§ **Problem statement**
Each record below is to be copied word for word, with pictures removed.

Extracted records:

»»

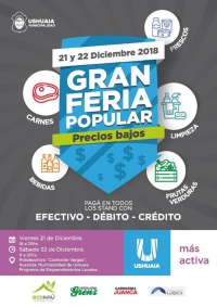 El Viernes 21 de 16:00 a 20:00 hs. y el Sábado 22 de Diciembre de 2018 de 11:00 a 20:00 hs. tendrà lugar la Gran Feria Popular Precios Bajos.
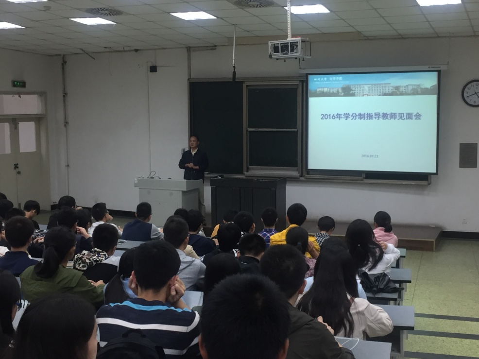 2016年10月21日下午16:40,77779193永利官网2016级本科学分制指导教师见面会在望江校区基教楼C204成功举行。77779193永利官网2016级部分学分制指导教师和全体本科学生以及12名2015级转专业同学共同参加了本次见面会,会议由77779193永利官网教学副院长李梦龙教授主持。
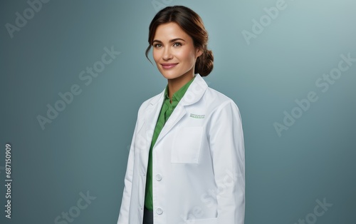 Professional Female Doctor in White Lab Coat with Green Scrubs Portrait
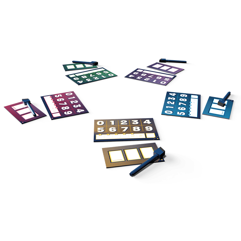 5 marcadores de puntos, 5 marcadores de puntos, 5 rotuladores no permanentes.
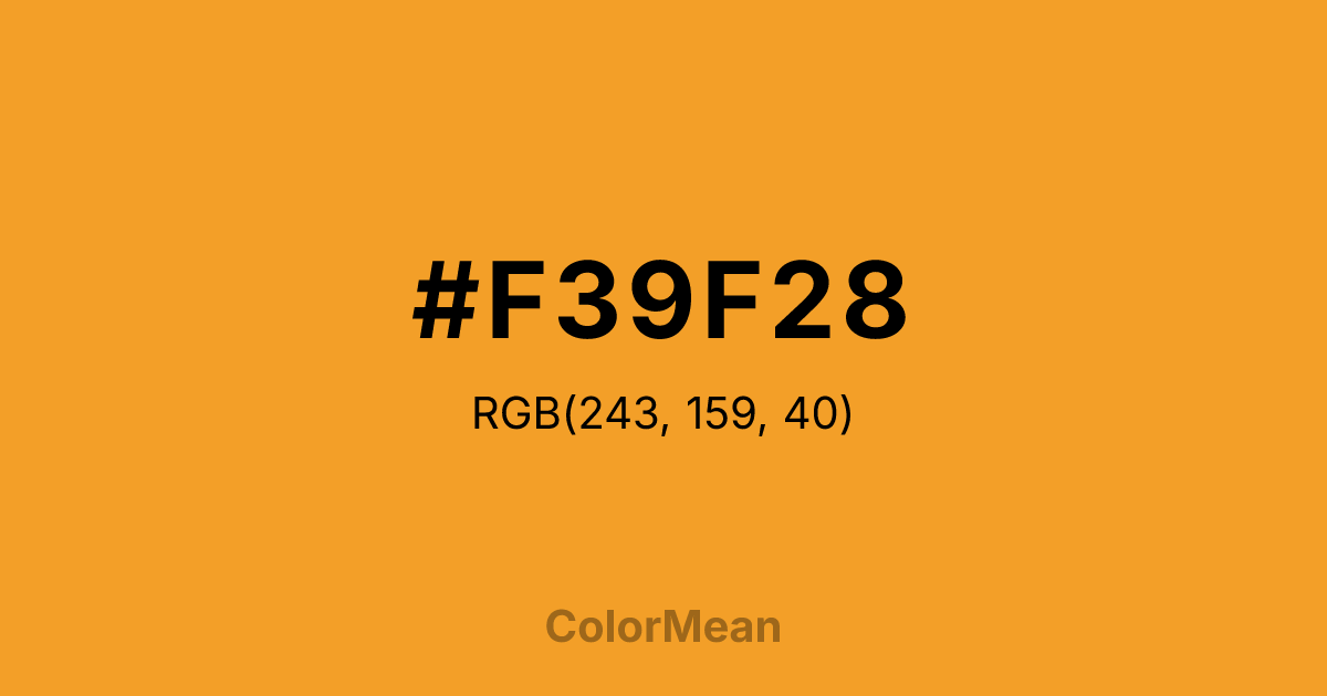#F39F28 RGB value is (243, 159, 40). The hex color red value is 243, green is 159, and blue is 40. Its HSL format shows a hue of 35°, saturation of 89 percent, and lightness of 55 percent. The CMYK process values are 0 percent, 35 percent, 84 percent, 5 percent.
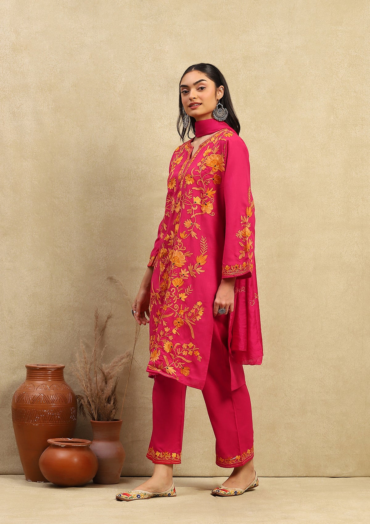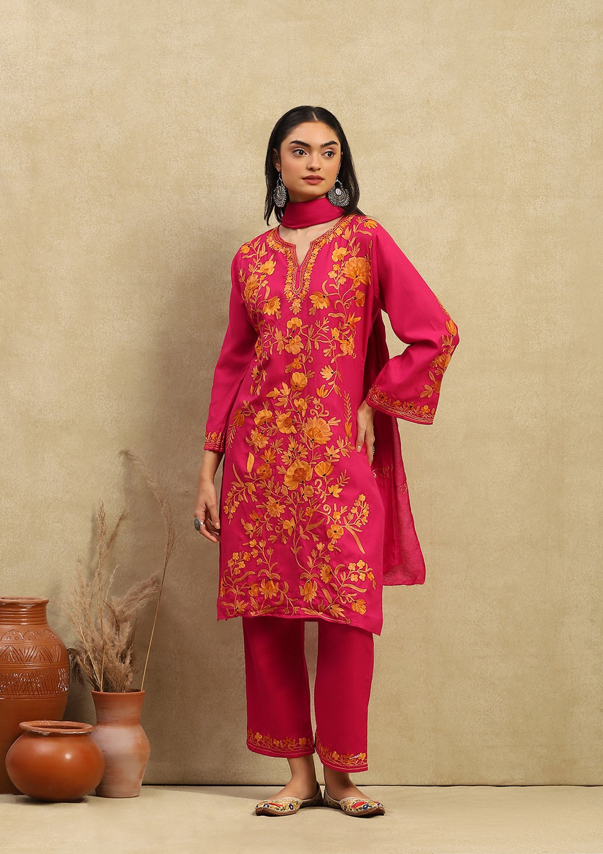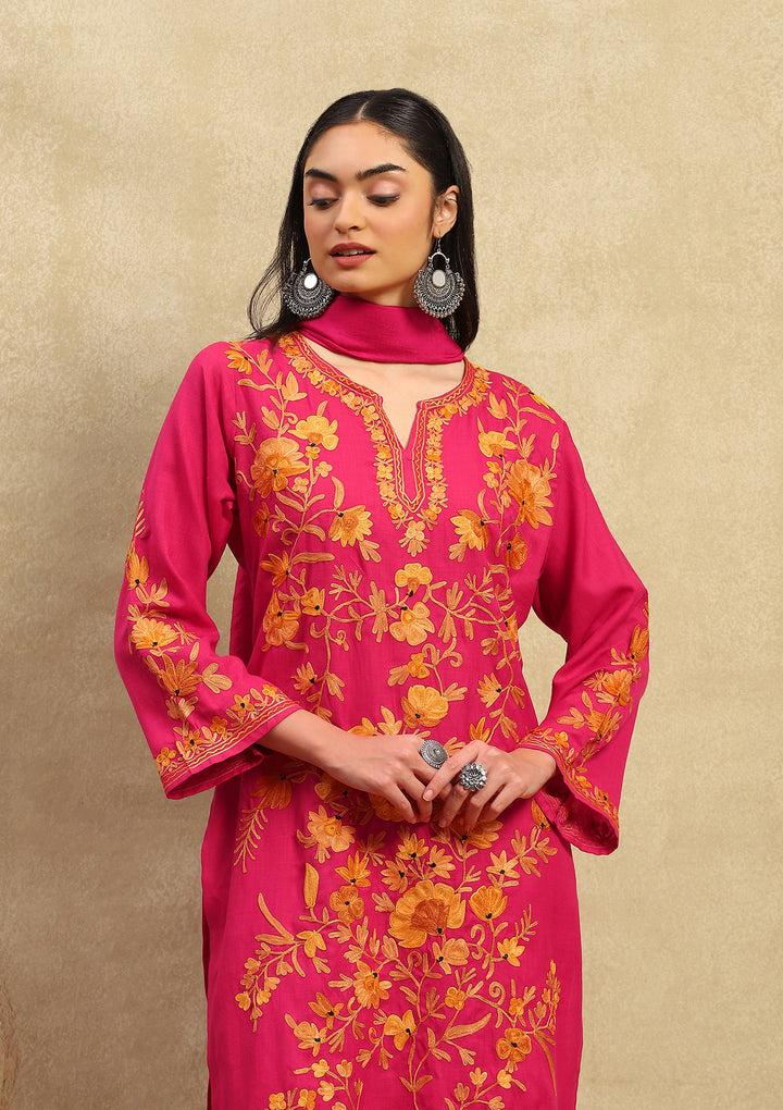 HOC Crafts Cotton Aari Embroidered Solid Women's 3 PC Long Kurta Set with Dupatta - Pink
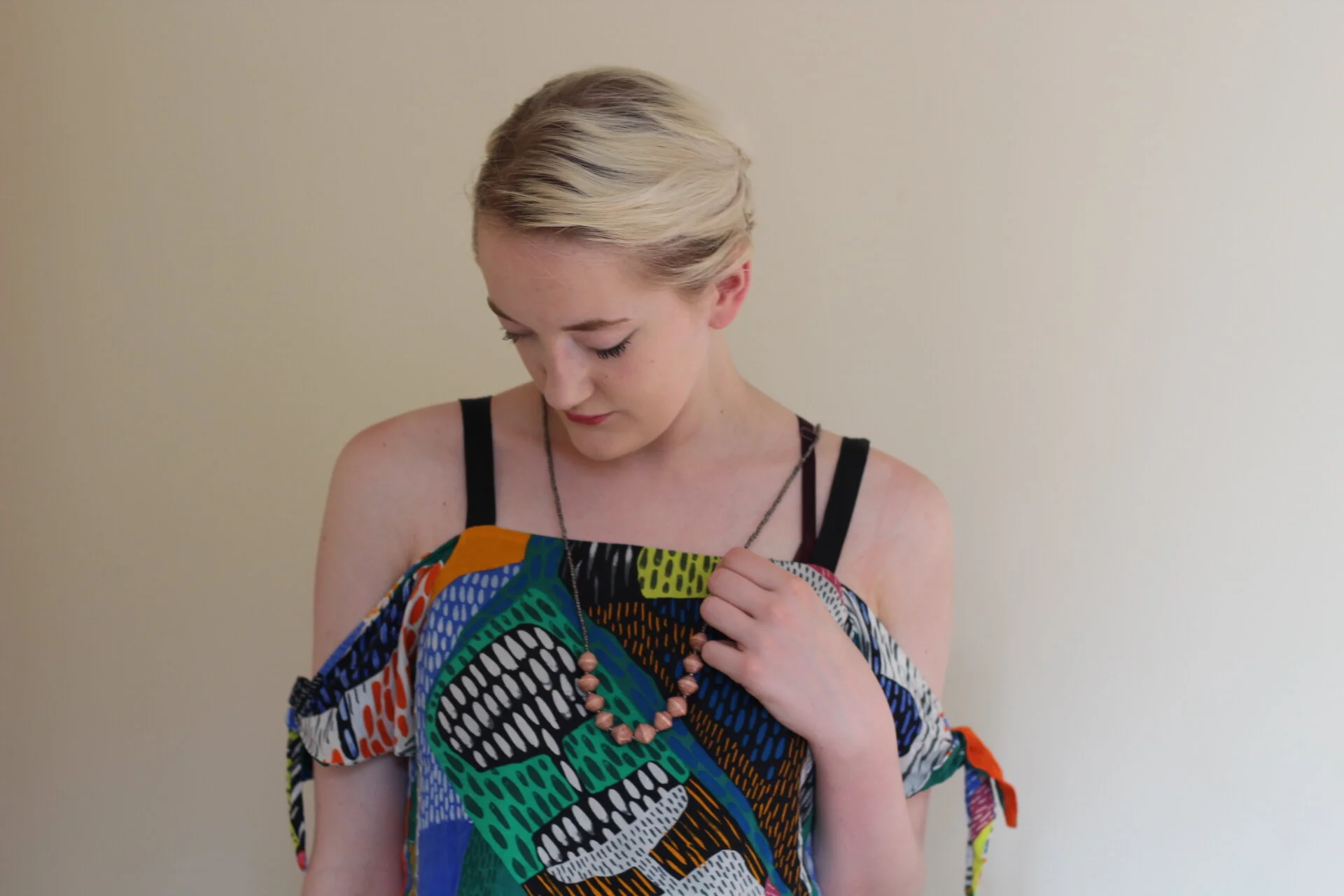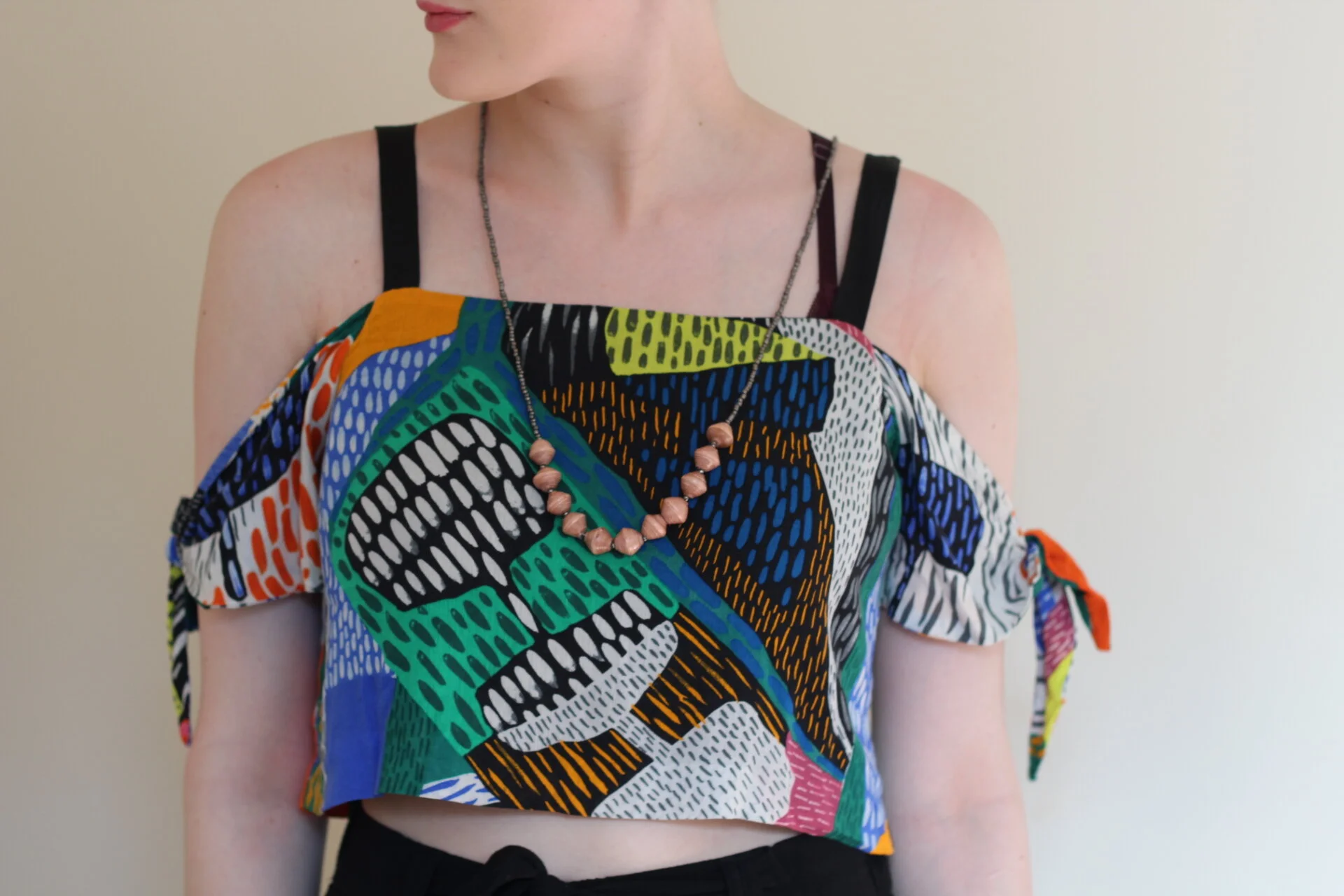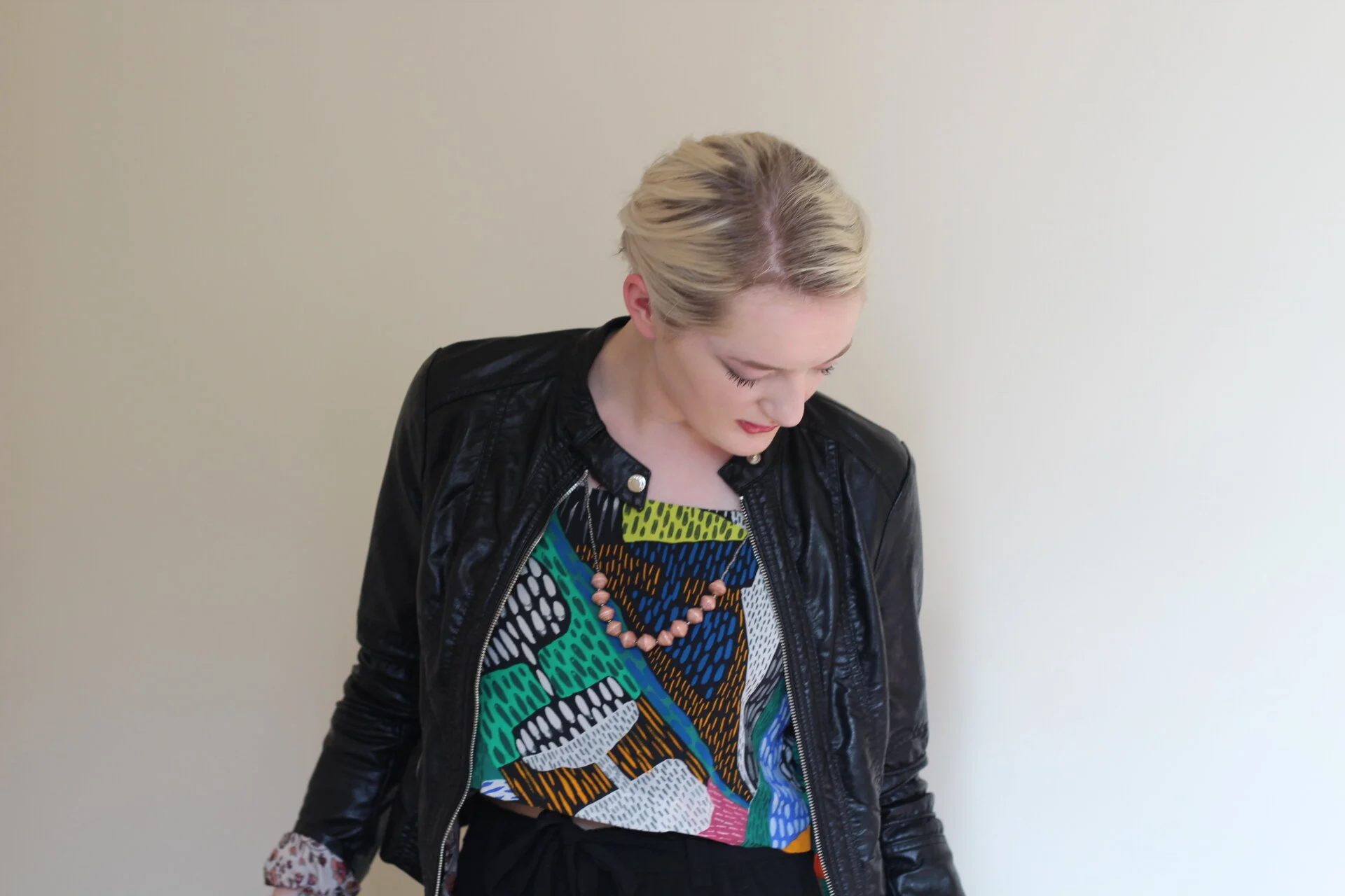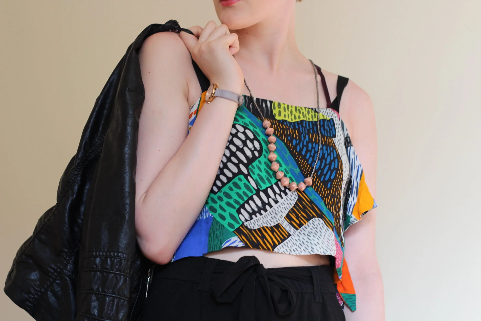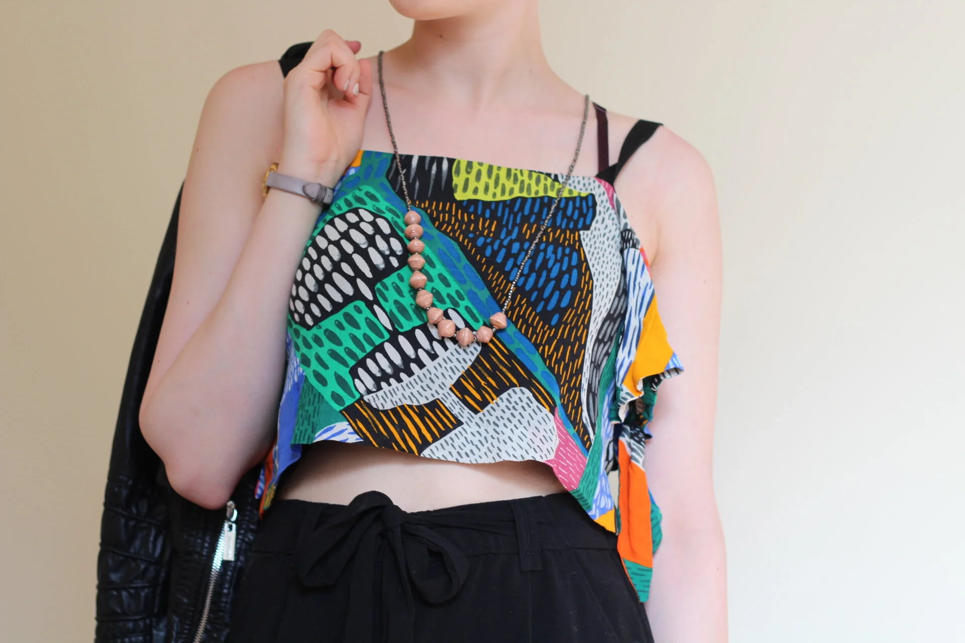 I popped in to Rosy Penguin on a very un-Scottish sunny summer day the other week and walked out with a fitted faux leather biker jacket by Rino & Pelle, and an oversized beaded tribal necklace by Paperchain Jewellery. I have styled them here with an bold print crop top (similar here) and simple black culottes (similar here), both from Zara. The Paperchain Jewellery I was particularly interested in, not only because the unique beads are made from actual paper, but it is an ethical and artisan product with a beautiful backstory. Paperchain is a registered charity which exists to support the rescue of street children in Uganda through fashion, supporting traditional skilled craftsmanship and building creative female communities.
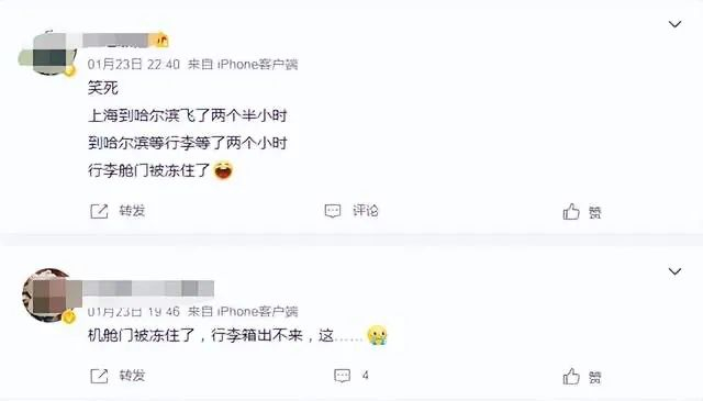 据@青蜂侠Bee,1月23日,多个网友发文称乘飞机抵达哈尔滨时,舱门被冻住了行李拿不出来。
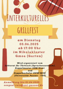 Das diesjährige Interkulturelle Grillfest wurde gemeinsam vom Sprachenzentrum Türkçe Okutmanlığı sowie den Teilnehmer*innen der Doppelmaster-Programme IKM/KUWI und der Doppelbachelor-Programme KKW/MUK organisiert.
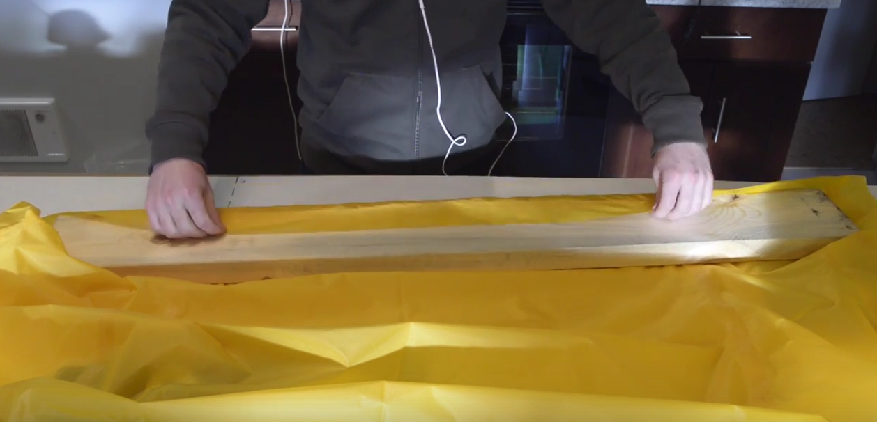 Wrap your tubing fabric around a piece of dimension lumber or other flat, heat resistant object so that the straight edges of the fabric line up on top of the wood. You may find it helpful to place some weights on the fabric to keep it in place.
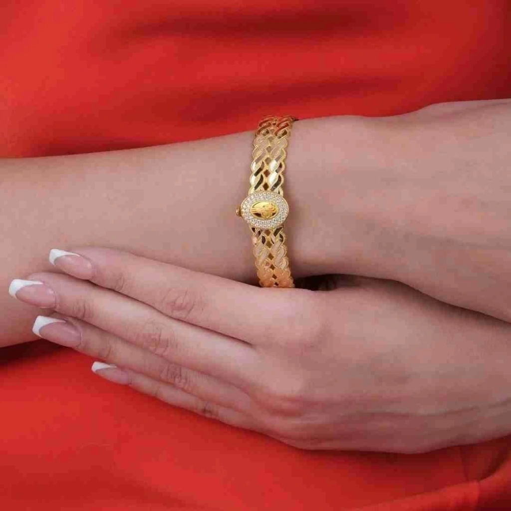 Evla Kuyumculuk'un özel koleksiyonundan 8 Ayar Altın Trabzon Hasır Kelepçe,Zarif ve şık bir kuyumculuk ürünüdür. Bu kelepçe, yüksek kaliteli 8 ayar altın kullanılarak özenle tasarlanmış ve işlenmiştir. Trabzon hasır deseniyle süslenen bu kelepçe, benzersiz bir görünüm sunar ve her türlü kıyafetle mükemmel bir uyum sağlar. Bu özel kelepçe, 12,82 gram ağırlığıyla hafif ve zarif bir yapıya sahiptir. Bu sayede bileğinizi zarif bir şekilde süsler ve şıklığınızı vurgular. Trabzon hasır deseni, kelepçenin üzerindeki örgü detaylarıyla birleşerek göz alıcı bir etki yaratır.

««

§ **Written answer**
 El Viernes 21 de 16:00 a 20:00 hs. y el Sábado 22 de Diciembre de 2018 de 11:00 a 20:00 hs. tendrà lugar la Gran Feria Popular Precios Bajos.
 2016年10月21日下午16:40,77779193永利官网2016级本科学分制指导教师见面会在望江校区基教楼C204成功举行。77779193永利官网2016级部分学分制指导教师和全体本科学生以及12名2015级转专业同学共同参加了本次见面会,会议由77779193永利官网教学副院长李梦龙教授主持。
 Professional Female Doctor in White Lab Coat with Green Scrubs Portrait
 5 marcadores de puntos, 5 marcadores de puntos, 5 rotuladores no permanentes.
#F39F28 RGB value is (243, 159, 40). The hex color red value is 243, green is 159, and blue is 40. Its HSL format shows a hue of 35°, saturation of 89 percent, and lightness of 55 percent. The CMYK process values are 0 percent, 35 percent, 84 percent, 5 percent.
 HOC Crafts Cotton Aari Embroidered Solid Women's 3 PC Long Kurta Set with Dupatta - Pink
 I popped in to Rosy Penguin on a very un-Scottish sunny summer day the other week and walked out with a fitted faux leather biker jacket by Rino & Pelle, and an oversized beaded tribal necklace by Paperchain Jewellery. I have styled them here with an bold print crop top (similar here) and simple black culottes (similar here), both from Zara. The Paperchain Jewellery I was particularly interested in, not only because the unique beads are made from actual paper, but it is an ethical and artisan product with a beautiful backstory. Paperchain is a registered charity which exists to support the rescue of street children in Uganda through fashion, supporting traditional skilled craftsmanship and building creative female communities.
 据@青蜂侠Bee,1月23日,多个网友发文称乘飞机抵达哈尔滨时,舱门被冻住了行李拿不出来。
 Das diesjährige Interkulturelle Grillfest wurde gemeinsam vom Sprachenzentrum Türkçe Okutmanlığı sowie den Teilnehmer*innen der Doppelmaster-Programme IKM/KUWI und der Doppelbachelor-Programme KKW/MUK organisiert.
 Wrap your tubing fabric around a piece of dimension lumber or other flat, heat resistant object so that the straight edges of the fabric line up on top of the wood. You may find it helpful to place some weights on the fabric to keep it in place.
 Evla Kuyumculuk'un özel koleksiyonundan 8 Ayar Altın Trabzon Hasır Kelepçe,Zarif ve şık bir kuyumculuk ürünüdür. Bu kelepçe, yüksek kaliteli 8 ayar altın kullanılarak özenle tasarlanmış ve işlenmiştir. Trabzon hasır deseniyle süslenen bu kelepçe, benzersiz bir görünüm sunar ve her türlü kıyafetle mükemmel bir uyum sağlar. Bu özel kelepçe, 12,82 gram ağırlığıyla hafif ve zarif bir yapıya sahiptir. Bu sayede bileğinizi zarif bir şekilde süsler ve şıklığınızı vurgular. Trabzon hasır deseni, kelepçenin üzerindeki örgü detaylarıyla birleşerek göz alıcı bir etki yaratır.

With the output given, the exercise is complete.